Citation:
A. Zilstra and Johnson, D. A. , “
Wind turbine aeroacoustic noise prediction using computational models and comparison to experimental measurements
”, Canadian Acoustics - Acoustique Canadienne, vol. 45, no. 3, pp. 198-199, 2017.
Abstract:
Energy from wind turbines has enjoyed a remarkable growth worldwide in the past decades. In Canada, generation capacity has increased dramatically. The issue of noise and wind turbines has become an issue of interest for researchers and acoustics practitioners. For utility scale wind turbines, broadband noise emanating from the trailing edge of the wind turbine blade is a large contributor to the overall noise emission. In order to minimize the noise impact, regulatory bodies often set limits to the noise level observed nearby. Good noise predictive tools are necessary to estimate noise emissions before a wind farm development.
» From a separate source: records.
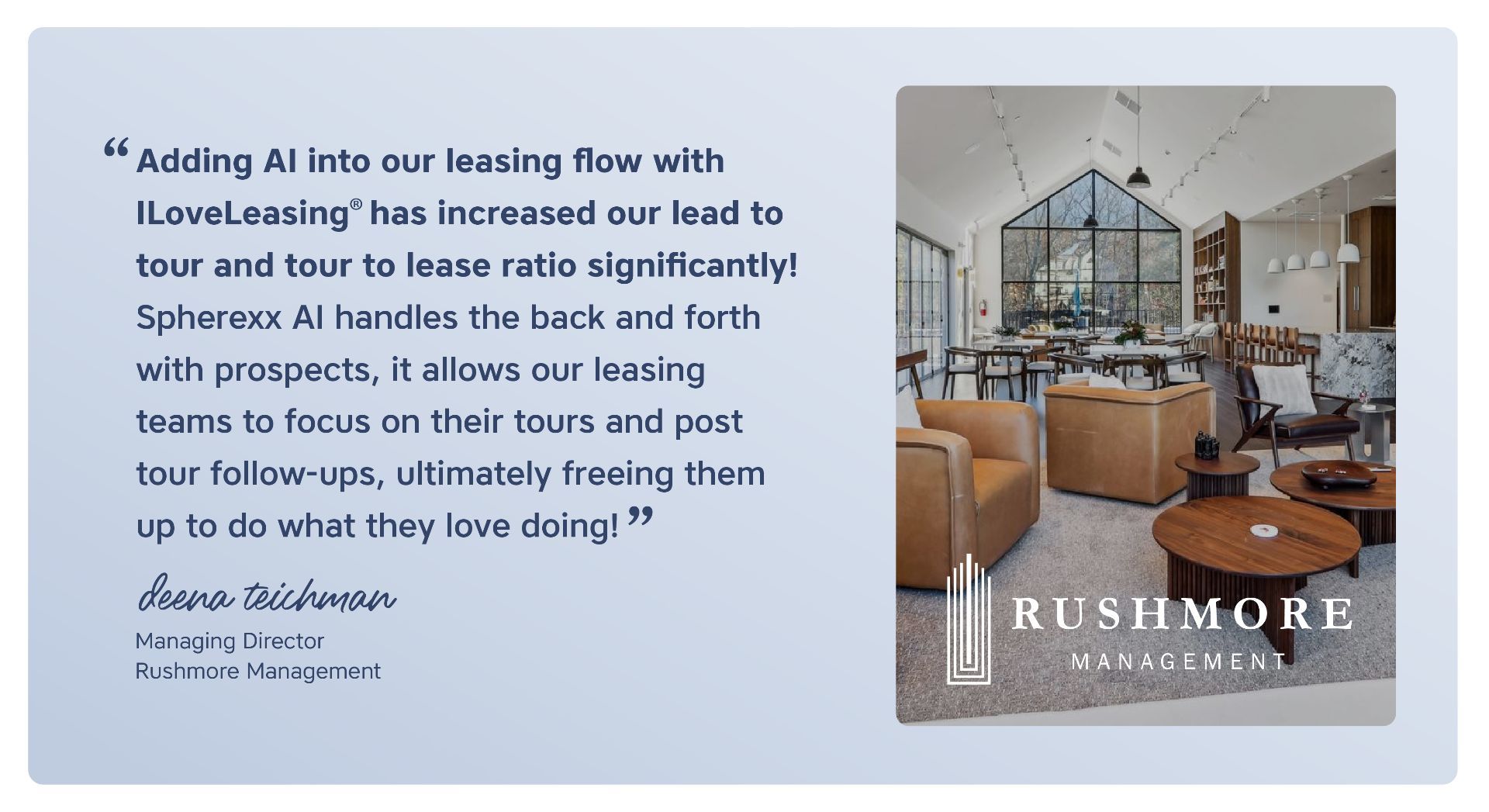 Convert leads to leases more effectively, save valuable time, and serve clients better using multifamily's most trusted CRM platform. The ILoveLeasing® smart hub is designed to organize your day and engage leads using the power of robust automation and personalized AI interaction. It's easy-to-use for small leasing offices yet powerful enough to scale for all types of centralized leasing office configurations.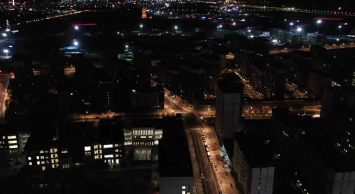 Xiong'an, located about 100 km southwest of Beijing, is a 1,770-sq-km green city area featuring innovative development and a national model of high-quality development. The video shows the scenery lit up at night.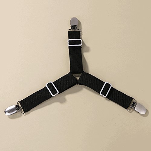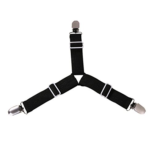 Chen Rui(TM) 1pc Triangle Sheet Band Straps Suspenders Bed Mattress Pad Cover Clips Adjustable Grippers Elastic Straps Fastener Fitted Sheet Corner Holders (Black+White)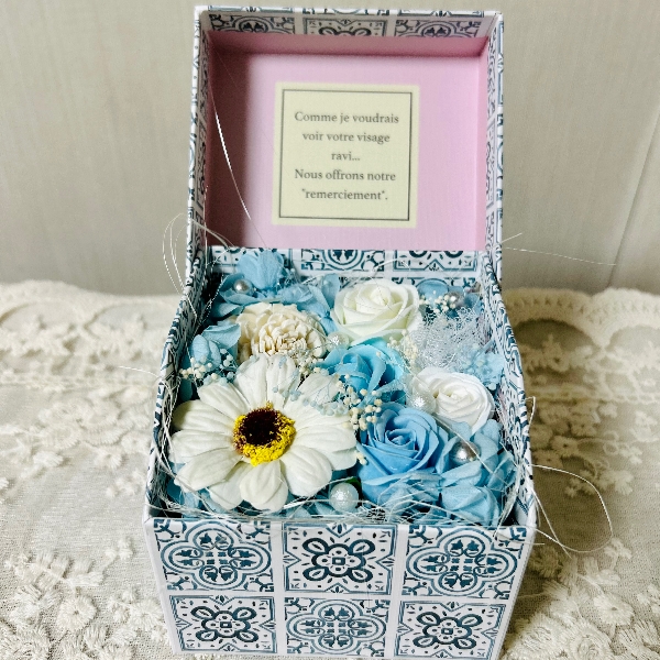 モロッカンBOXに、ブルーとホワイトのソープフラワーとプリザーブドフラワーで爽やかで可愛いアレンジメントを。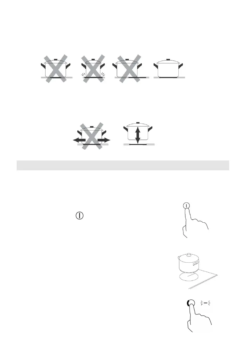 the same size as the cooking zone. Always centre your pan on the cooking zone.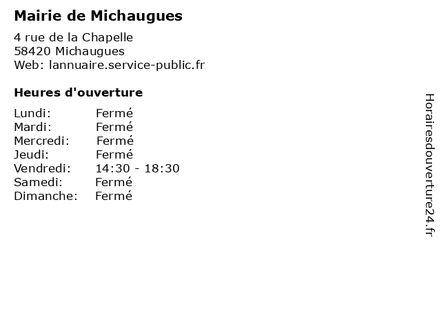 | Samedi | Fermé |

These tools are developed in this study from computational fluid dynamics studies such as Large Eddy Simulation (LES) in conjunction with the Ffowcs-Williams and Hawkings (FW–H) acoustic analogy to predict the far field sound. These results are compared to those obtained through the use of semi-empirical prediction models. Validation of these predictive tools are compared with experimental measurements of 2D airfoil self noise and with field measurements obtained at the University of Waterloo Wind Energy Research wind turbine field site. The developed predictive tools show good agreement with the measured experimental data leading to further development of the predictive tools.